中学校給食に関する視察報告【相模原市】

はじめに

相模原市は、津久井・相模湖・城山・藤野と旧4町と合併し、平成22年に政令指定都市となりました。旧相模原市は中学校給食を行っていませんでしたが、旧4町は以前より中学校給食を実施していたところもあり、旧城山町・旧津久井町では継続して現在も「給食センター方式」の完全給食を実施しています。その他の地域では5つのブロックに分け「デリバリー方式」の給食を実施しました。

相模原市の中学校給食

相模原市の中学校給食は、業者さんが作ったお弁当をデリバリーする「昼食」を採用しましたが、その特色は大きく2つ。

一つ目は、相模原市の栄養士さんが献立を作成し、食材の発注を行うということです。この献立に基づき、業者さんの調理場でお弁当を調理し、各学校に納入しています。学校に給食室を建設すると1校あたり4億円程かかるので、これによって初期投資も抑えながら、おかずの内容や味付けといった細かな点まで栄養士さんが愛情を持って日々改善や工夫することが出来ます。

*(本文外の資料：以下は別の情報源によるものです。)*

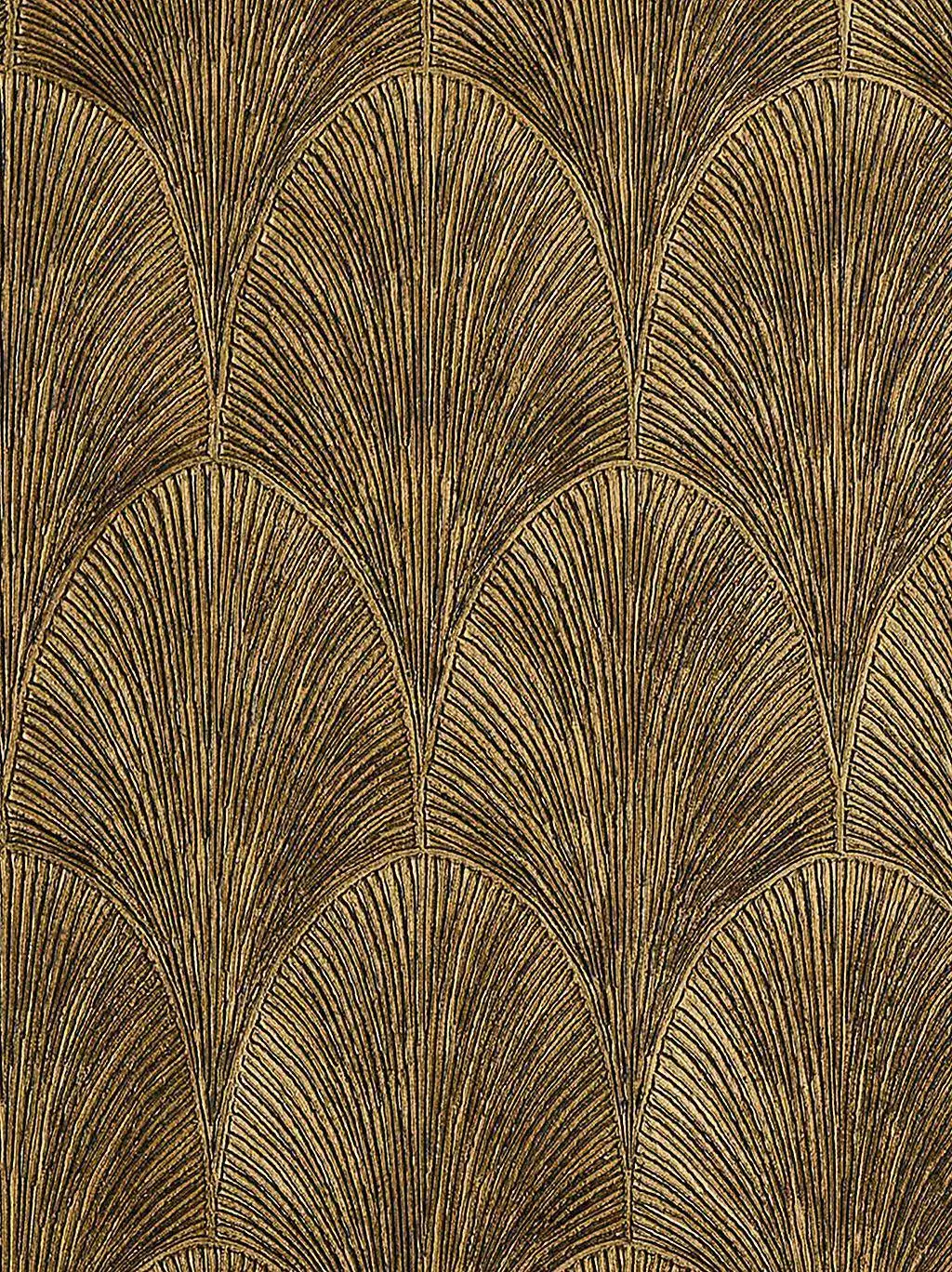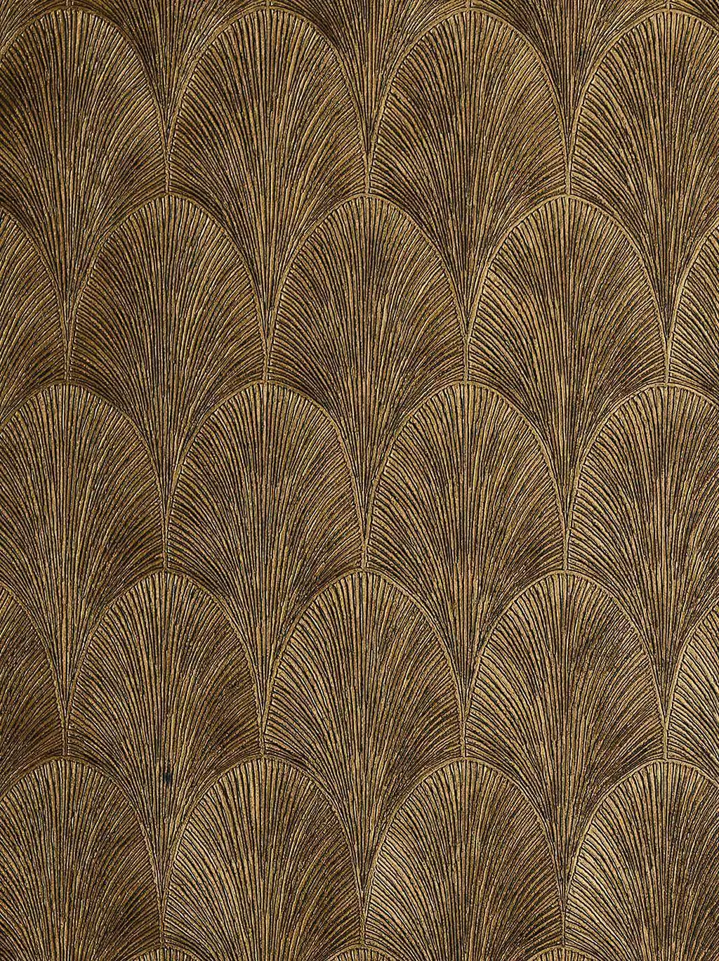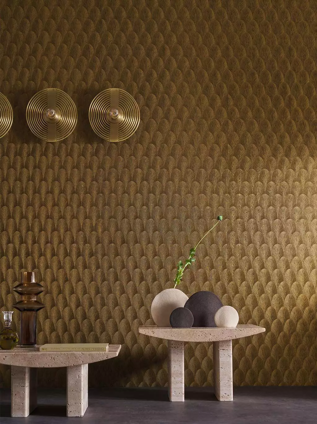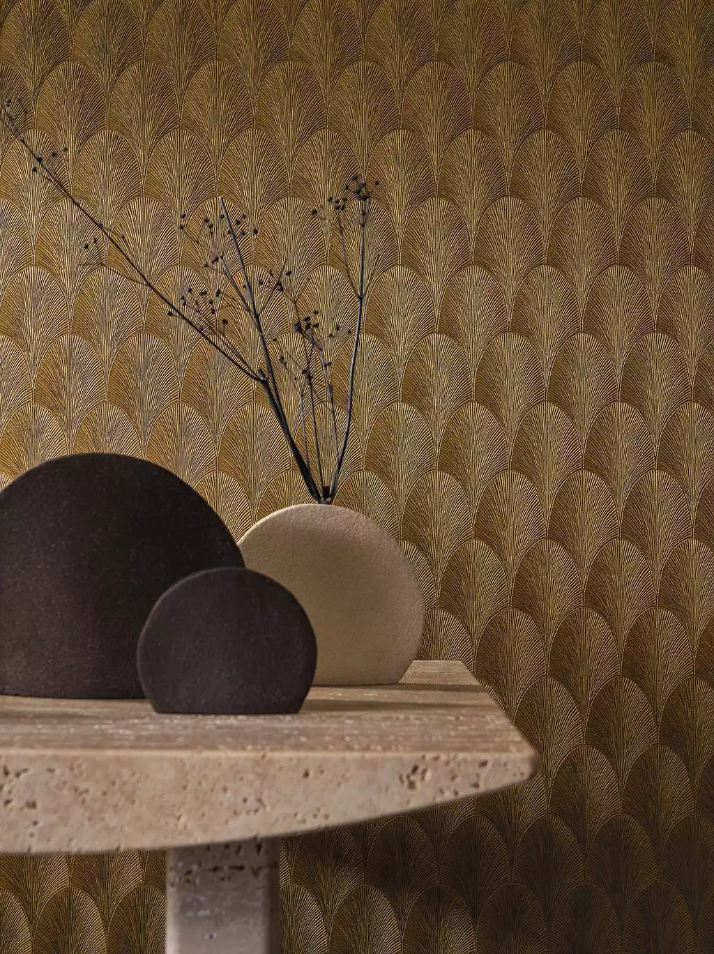 Feine Palmblätter treffen auf metallischen Schimmer bei Tourmaline col. 08. Das ornamentale Muster ist zeitgenössisch und von Naturformen inspiriert, fast wie geprägte Mineralien. Das Licht tanzt auf der Oberfläche. In gedecktem Farbton mit warmem Glanz prägt dieses Design den Raum mit Tiefe und organischer Eleganz.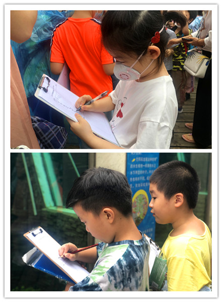 “老师,沉水植物吐了好多泡泡。”“老师,我看见狐尾藻中间的孔了,但是吹不出气来。”“老师,水葫芦的气囊可以听见声音。”“老师,我看见王莲了,我可以试试坐上去吗?”“老师,荷叶叶柄的气孔好大呀,可以当万花筒。”户外探究环节,曹老师带领孩子们在沉水植物展示区、荷花睡莲展示区进行植物的打捞、观察、探究和记录。主讲老师和助教老师充分调动孩子们的五感,让其化身为“小小植物勇士”,通过感官体验,对水生植物“四大家族”在水中的生存方法一探究竟。在老师们的引导下,孩子们纷纷分享了自己的观察结果并提出了心中的疑问,现场热闹非凡。户外探究的最后,在荷花展示区的木质平台处,孩子们拿着老师采摘分发的荷叶柄,在吹泡泡的游戏中,深度体验了水生植物为了适应水中生存环境,练就的发达的通气组织。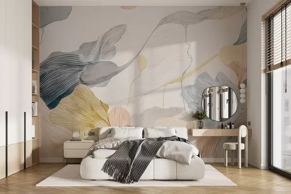 Fototapeta Abstrakcyjna grafika liści w ciepłych i chłodnych pastelowych odcieniach Nr w09222v1
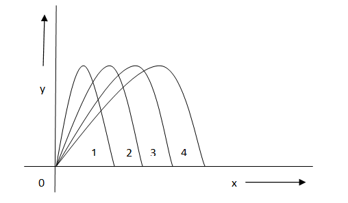 In the figure of the question, the fourth path of the kicked football has the maximum range, thus the fourth path of the football has the highest component of the horizontal velocity, then third, second and first.
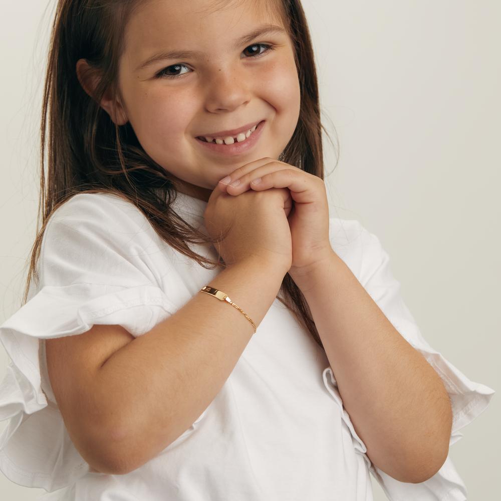 Dieses süsse Gravurarmband aus 375/9 K Gelbgold mit Herzeinhänger ist ein wundervolles Schmuckstück für Babys und Kinder, das bleibende Erinnerungen schafft. Mit einer Gesamtlänge von 14 cm und einer Zwischenöse bei 12 cm wächst das Armband vom Baby bis zum Kindesalter mit. Die beidseitig gravierbare Goldplatte ermöglicht individuelle Gestaltung. Ein zeitloses Geschenk zur Geburt oder Taufe, das Sicherheit, Eleganz und Stil vereint.

二つ目は、給食予約システムです。Web方式のシステムを導入することにより、自宅PCや携帯電話から給食の予約が出来ます。また、コンビニエンスストアより給食費を事前に払込むルールとしているため、以前、社会問題といなった給食費の未納問題を解決しています。給食予約の申込・変更・取消は食材の発注調整の関係から7日前までとしています。子ども達が直接お金を扱う必要も無く、とても利便性の高い方式です。

また、その他の特色として、給食食材の25%に地場農産物を使用しています。これは地元市場との提携によって実現できたことだそうです。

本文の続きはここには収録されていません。